The determinants of overweight and obesity among 10- to 15-year-old schoolchildren in the North West Province, South Africa - the THUSA BANA (Transition and Health during Urbanisation of South Africans; BANA, children) study

R Kruger, H S Kruger, U E Macintyre
Public Health Nutrition 2006, 9 (3): 351-8

AIM: To investigate the determinants of overweight and obesity among 10- to 15-year-old schoolchildren in a population in the transitional phase in the North West Province of South Africa.

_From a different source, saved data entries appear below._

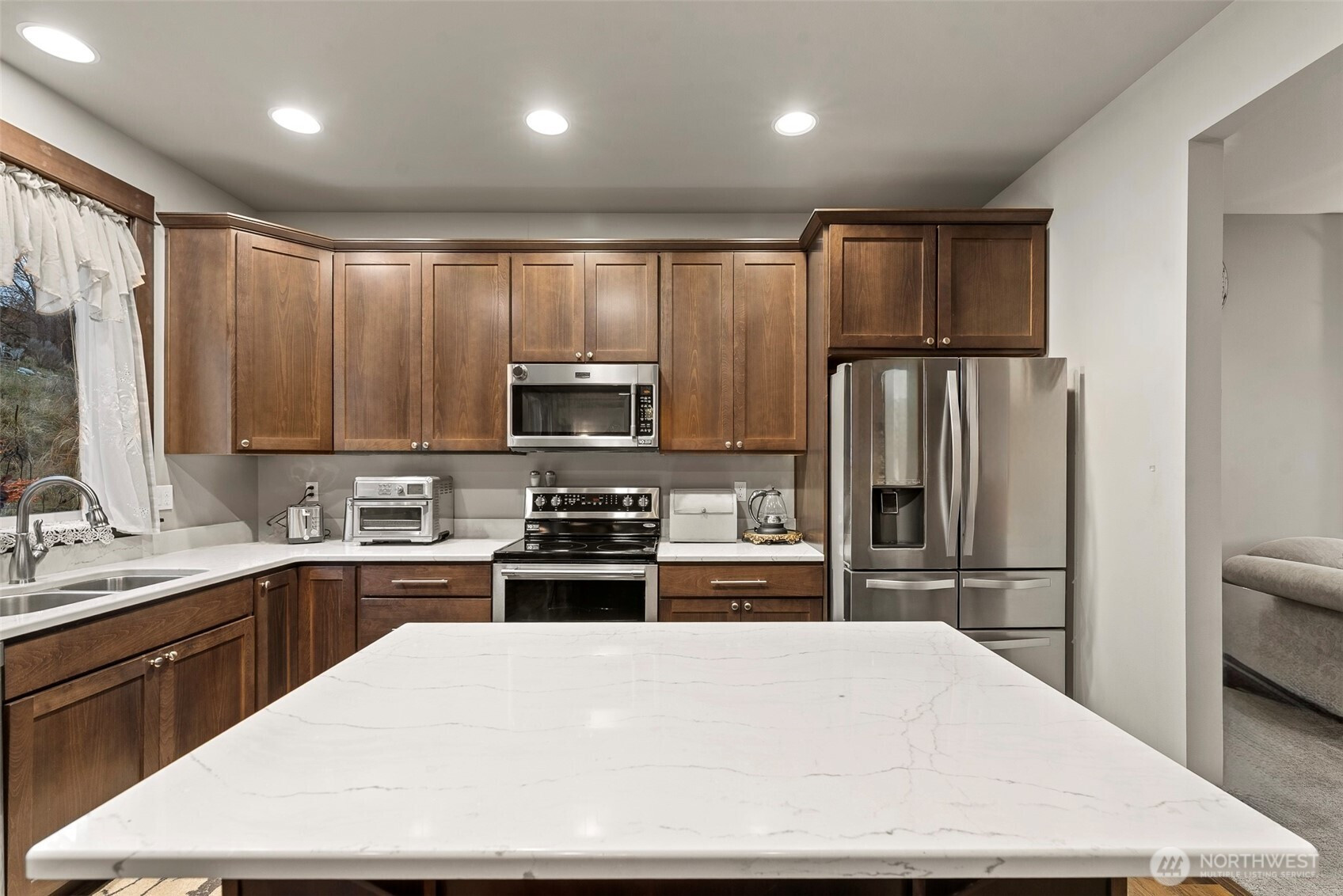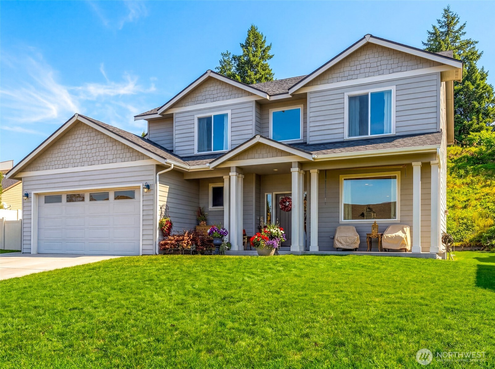Amazing River Views! Minutes away from Apple Capital Loop Trail. Spectacular two-story home with sweeping river views! This spacious residence offers 4 bedrooms, 2.5 bathrooms, and 2,578 square feet on a .36-acre lot with a 3-car tandem garage. The expansive kitchen features durable hard-surface countertops, a large island, and abundant cabinetry—ideal for both everyday living and entertaining. The family room captures stunning river views, while the dining room includes a slider that opens to the backyard and flows seamlessly into the generous great room. A convenient half bath and laundry room with sink complete the main level. Upstairs, the oversized primary suite boasts scenic views, a walk-in closet, soaking tub, walk-in shower, and double vanity. Three additional bedrooms and a full bathroom provide ample space. The partially fenced backyard includes a shop, firepit, and irrigation water—perfect for relaxing, gardening, and outdoor gatherings. Outdoor shed along with RV or boat parking rounds out this home.
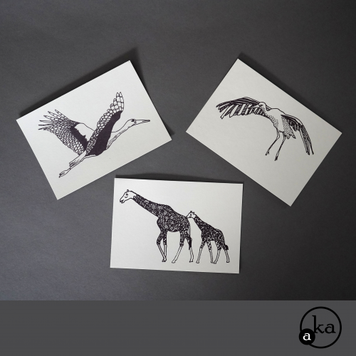 Cette série de cartes sérigraphiées est au format carte postale, 14.8×10.5cm, sur papier épais ivoire.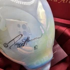 The Ne'Qwa Art Christmas Snowman Ornament by Peggy Abrams is a large hanging finial ornament made of blown glass. It features an Old World Santa and snowman theme, with a unique reverse hand-painting style. This ornament is part of the Ornaments collection and is signed by the artist. It is 6 inches in height and handmade, making it a beautiful and collectible piece for Christmas decorations. Comes in original box, certification of authenticity paperwork. Wear to outside box. Sold as is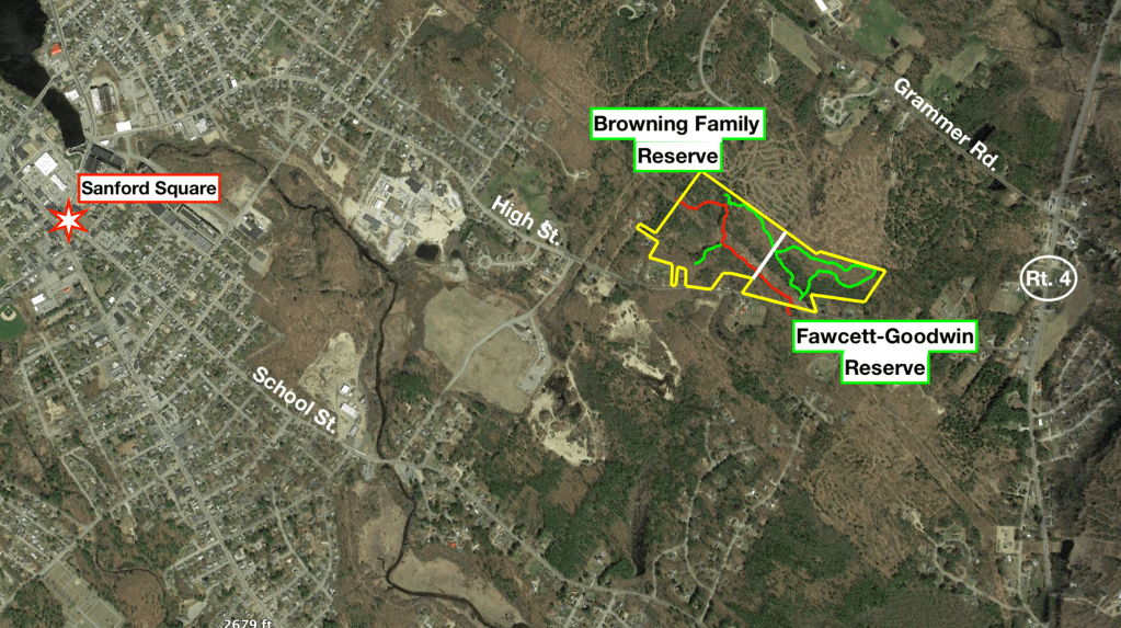 Gail Browning was honored on a recent Saturday morning for her generous donation of over 26 acres of land along High Street in Sanford. Mousam Way Land Trust gratefully accepted this wonderful property, which abuts the Trust’s Fawcett-Goodwin Reserve. There’s now a tract of over 45 acres of forest and meadow, with walking trails being sited and blazed—all just a stone’s throw from Sanford’s urban area.

METHODS: A cross-sectional survey was used to investigate weight status (anthropometric indicators) and determinants of overweight/obesity including dietary intake, physical activity and socio-economic status. A single, random sample (n=1257), stratified for gender, type of school and ethnic group, was used. Data were collected on demographics, family circumstances, habitual physical activity, dietary intake and anthropometry to evaluate weight status and body fat content. One-way analysis of variance, the generalised linear models procedure of SAS and the Tukey post hoc honest significant difference test were used to analyse the data.

RESULTS: Few children were overweight or obese (7.8%) according to International Obesity Task Force (IOTF) standards (body mass index (BMI)-for-age). These standards were compared with other accepted standard values. Both Cole's IOTF/BMI-for-age standard and the sum of skinfold thicknesses standard classified normal-weight status similarly at a level of 92% (P<0.01) and were found to be useful in determining overweight/obesity. The prevalence rate was higher in females and white children, and was more apparent in urban areas, smaller households and children of parents with low- or high-income occupations. Boys and pre-menarcheal girls had mean body fat percentage in the normal/optimal range, whereas that of post-menarcheal girls was moderately high. Few variables showed a significant association with high body fat percentage: in boys, only the number of members in the household and physical activity levels over the weekend; in girls, only age. The overweight/obese boys mostly lived in smaller households, and the overweight/obese post-menarcheal girls were most inactive on both weekdays and weekends, and more overweight with increasing age.

CONCLUSION: Smaller households, inactivity and increasing age for girls were found to be determinants that influence the development of overweight/obesity, while female gender and age post-menarche were identified as determinants of higher body fat content. For overweight/obesity prevention, the focus should be on pre-menarcheal girls, aged 10-13 years, using these determinants to identify overweight/obesity risk. Preventive programmes should aim to increase the physical activity of children to improve their current and future weight status.